Input data: Begin

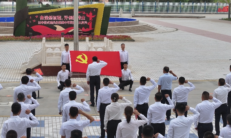 朝阳灿灿,风和日暄。上午10点整,在激昂雄壮、催人奋进的国歌声中,五星红旗冉冉升起,全体党员干部整齐列队,精神饱满、肃然而立,怀着对党和祖国的崇高敬意,向国旗行注目礼、高唱国歌,祝福党的事业蒸蒸日上、伟大祖国繁荣昌盛。
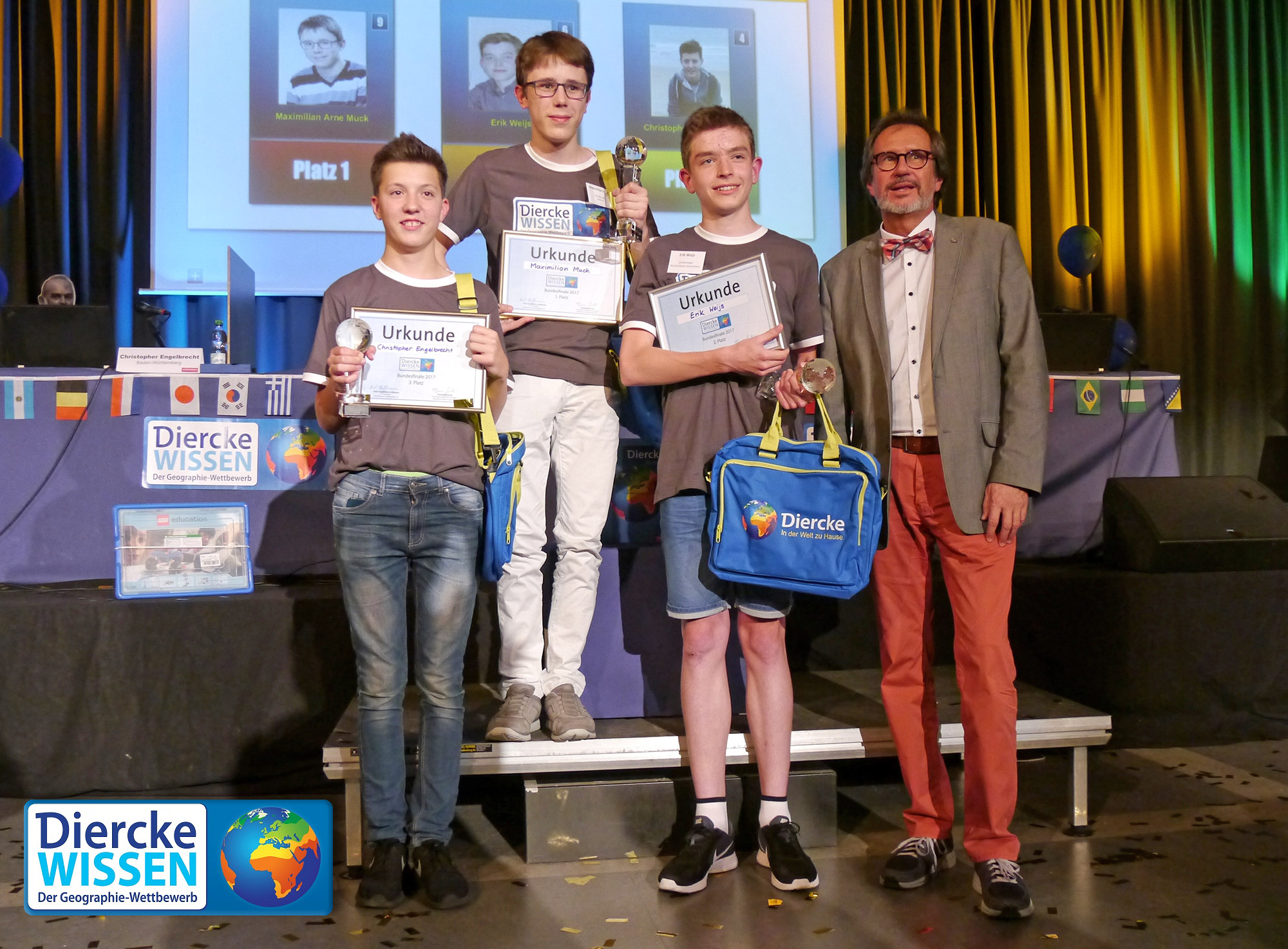Bei dem Wettbewerb „Diercke Wissen“ stellen die Schülerinnen der Klassen 7 bis 10 ihr Wissen zu physisch-geographischen und humangeographischen Schwerpunkten unter Beweis. Über die Ebenen der Klassen, der Schulen und des Bundeslandes werden die 16 Teilnehmenden für den jährlichen Bundesausscheid ermittelt. Hinzu kommt eine weitere Teilnahmemöglichkeit für die/den Beste/n der deutschen Auslandsschulen. Auf Schulebene können auch die Schülerinnen und Schüler der Klassen 5 und 6 ihr Geographiewissen mit dem Fragebogen WISSENs-Junior nachweisen.
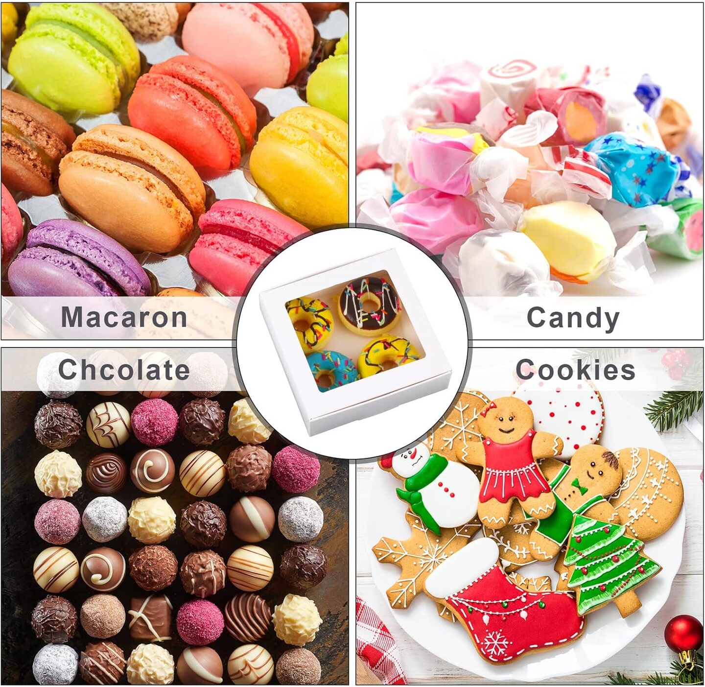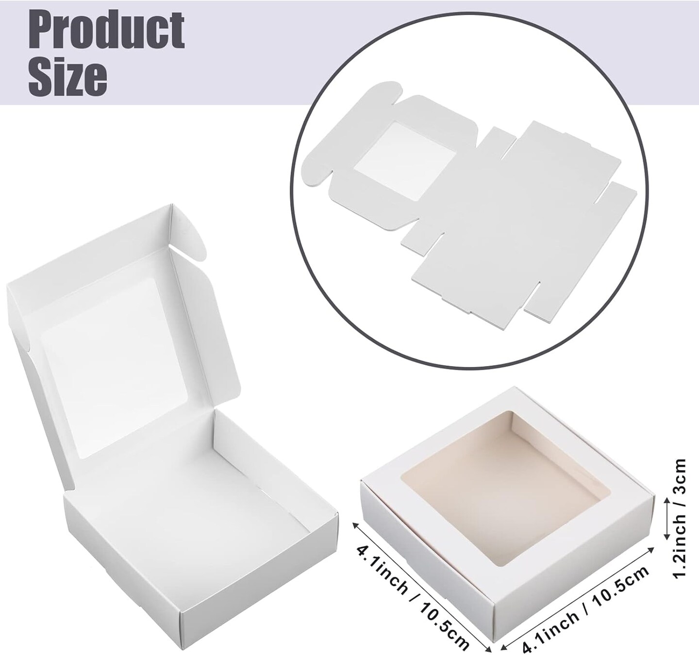 30 Kraft Paper Boxes with Window 4.13 x 4.13 x 1.18 Inch Candy Packaging, Small Gift Boxes, Soap holder, Mini Treat Packaging for Bakery Chocolate Jewelry Display(White)

Input data: End

Your goal ▸
Pictures stay out; everything else in the listing above gets restated word for word.

Task response ▸
 朝阳灿灿,风和日暄。上午10点整,在激昂雄壮、催人奋进的国歌声中,五星红旗冉冉升起,全体党员干部整齐列队,精神饱满、肃然而立,怀着对党和祖国的崇高敬意,向国旗行注目礼、高唱国歌,祝福党的事业蒸蒸日上、伟大祖国繁荣昌盛。
Bei dem Wettbewerb „Diercke Wissen“ stellen die Schülerinnen der Klassen 7 bis 10 ihr Wissen zu physisch-geographischen und humangeographischen Schwerpunkten unter Beweis. Über die Ebenen der Klassen, der Schulen und des Bundeslandes werden die 16 Teilnehmenden für den jährlichen Bundesausscheid ermittelt. Hinzu kommt eine weitere Teilnahmemöglichkeit für die/den Beste/n der deutschen Auslandsschulen. Auf Schulebene können auch die Schülerinnen und Schüler der Klassen 5 und 6 ihr Geographiewissen mit dem Fragebogen WISSENs-Junior nachweisen.
 30 Kraft Paper Boxes with Window 4.13 x 4.13 x 1.18 Inch Candy Packaging, Small Gift Boxes, Soap holder, Mini Treat Packaging for Bakery Chocolate Jewelry Display(White)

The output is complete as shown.